Conditional generative modeling: Biomedical image generation with progression descriptions as counterfactual instructions (e.g., BiomedJourney), enabling the synthesis of plausible disease progressions or treatment responses (Gu et al., 2023).
Autonomous agent control: Formal frameworks for user-facing, intent-driven agent control with reliable counterfactual introspection and conformal guarantees, particularly in closed-loop and safety-critical settings (Farzaneh et al., 27 Jan 2026).

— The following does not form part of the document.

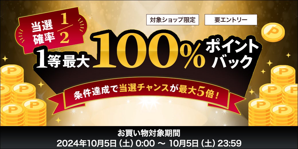 また10月5日(土)の5のつく日に、1等は最大100%ポイントバックキャンペーンに参加しております。ぜひお得に購入できる可能性のあるイベントにエントリーして芋國屋の商品をご購入ください!

6. Alignment, Robustness, and Open Challenges

Counterfactual instruction following exposes fundamental obstacles in building instruction-robust AI:

Alignment coverage gap: High instruction-following (IF) scores and raw accuracy metrics do not correlate with robustness under even trivial, logically redundant constraints. Both task-solving models and generative models are susceptible to reasoning derailment when even non-functional constraints are introduced (Qi et al., 29 Jan 2026).
Interference phenomena: Instructional detail (e.g., order of attributes, number of constraints), prompt structure (e.g., sequential vs. non-sequential control flow (Jaffe et al., 26 Jan 2026)), and attribute entanglement produce interference that is not mitigated by scaling or standard alignment protocols (Kumar et al., 8 Apr 2025, Li et al., 2023, Qi et al., 29 Jan 2026).
Mitigation approaches: Augmenting training with synthetic self-evident constraints, constraint-aware RL objectives, attention-regularization strategies, and explicit cycle-consistent or causal learning schemas are proposed as directions to build true counterfactual-following capability (Qi et al., 29 Jan 2026, Glossop et al., 19 Aug 2025, Wang et al., 2022).
Measurement and evaluation: Metrics like SustainScore, Degree of Contrast, Cycle Consistency losses, and information-theoretic proxies are necessary but not sufficient for robust instruction-following assessment; combined evaluation and adversarial benchmarking are required.